This verse is taken from:
Psalm 88
Rossetti wrote, “Is the road uphill all the way? Yes to the very end!”, but where the road leads highest, the clouds are often heaviest and the prospect dim. Fellow-traveller to heaven, is the day before you foreboding? There have been many before you who have felt thus. Heman was a wise man (see 1 Kings 4. 31), but there were things that he did not know. Note his recurring “why”, Psa. 88. 14, yet his psalm is entitled “Mahalath Leannoth”, meaning “sickness for humiliation”. The attaining of heights often demands a leveling of spirit.
All but unrelieved gloom hangs over this psalm. We are not informed as to the specific burden of the psalmist, but his case is bitter.

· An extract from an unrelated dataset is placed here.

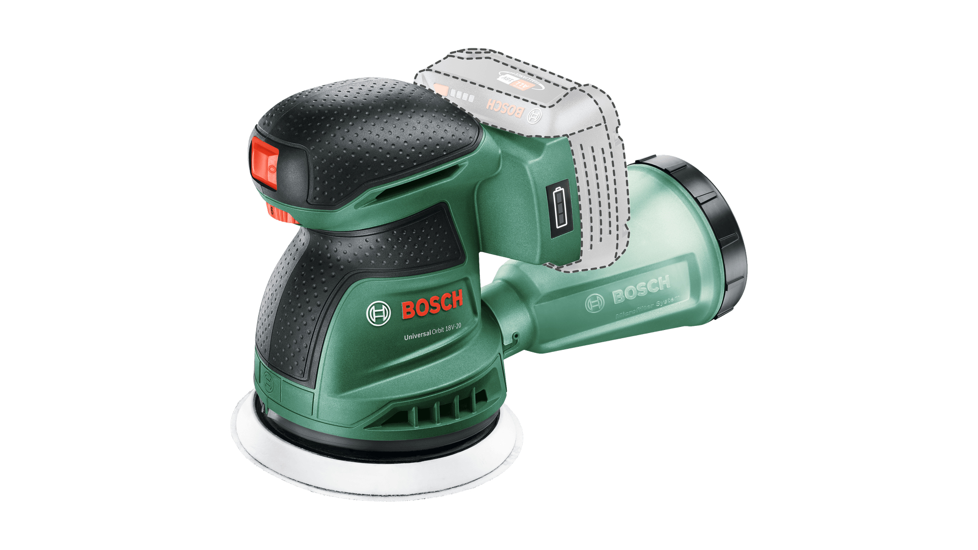 The Bosch UniversalOrbit 18V-20 random orbital sander ensures a high-quality sanded or polished finish on floors, furniture and other large flat or curved surfaces. With its powerful motor and electronic speed selection, sanding is efficient and speed can be adjusted precisely to suit a variety of different materials including wood, plaster, varnished or polished areas. The state-of-the art microfilter dust box minimises dust, ensuring a cleaner workspace and more comfortable handling. The built-in Bosch Syneon Electronic protects your tool and battery. The tool belongs to the 18V POWER FOR ALL system. One battery can be used in all 18V POWER FOR ALL tools.
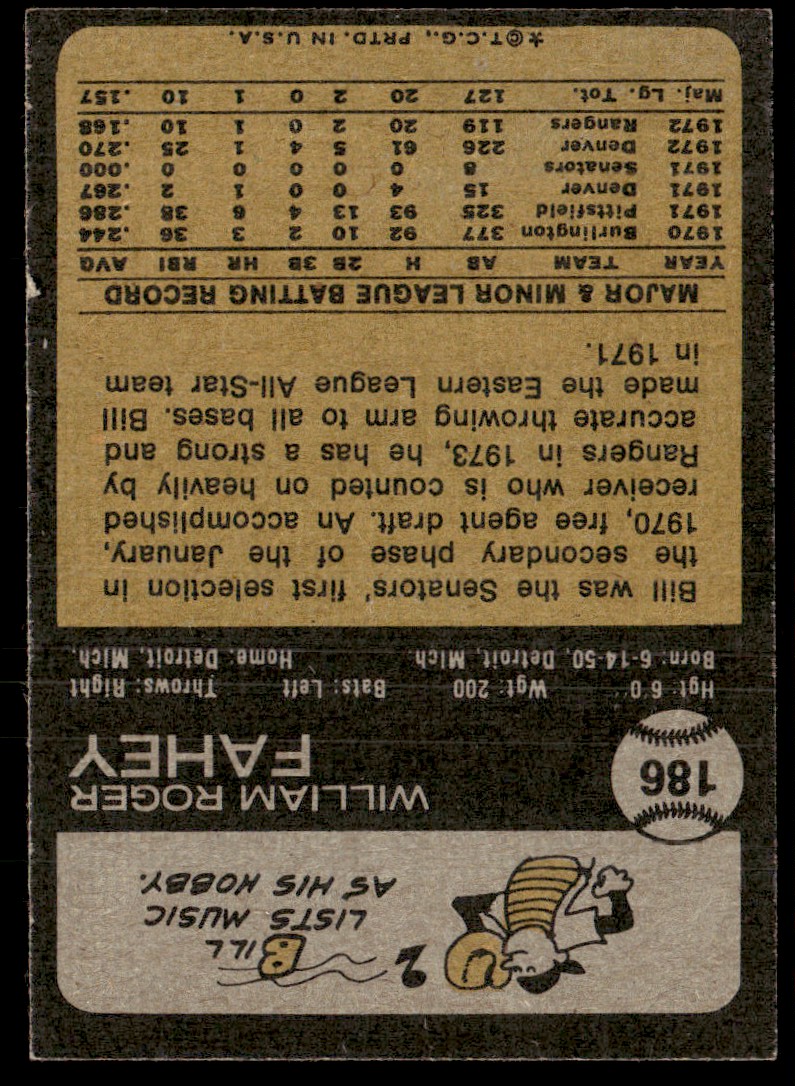 | 1973 Topps Bill Fahey EX Set Break #186 |

He speaks of being “nigh unto Sheol”, v. 3, indeed as if already dead, in the lowest pit, vv. 5, 6. He feels the loneliness of estrangement, v. 8, and that heaven is brass-like in unresponsiveness, v. 9.
From a description of his condition he turns to expostulation with God, vv. 10-12. The psalm ends as it begins. He cries incessantly to God, and receives no reply. He asks only that he shall be heard, v. 2. He concludes that it is God’s hand upon him in wrath, vv. 6, 7, 8, 14, 16, 18. Job-like he receives no explanation, yet he continues to cry as indicative of a faith still stirring in his soul, vv. 1, 9, 13. These three callings on the Lord are instructive. They were persistent, “day and night”, v. 1, “daily”, v. 9, “in the morning”, v. 13. It is hard when importunate prayer seems but to rebound. His prayers were consistent, for he leans always on the Jehovah-name. He appeals to the faithfulness of his God, linked with His might. Though he seems to argue with God, he cannot overlook His care. His plea also was confident that the One to whom he cried was solely the source of help, “O Jehovah the God of my salvation”, v. 1. Here is faith in the gloom holding on despite circumstances. The psalm leaves him in the darkness, distraction, silence and loneliness, vv. 15-18.
The psalm teaches us that “faith is the victory that overcometh”, even though the way is hard and the prospect dim.
May our daily motto be, even though distresses abound, “Trusting though not Tracing”.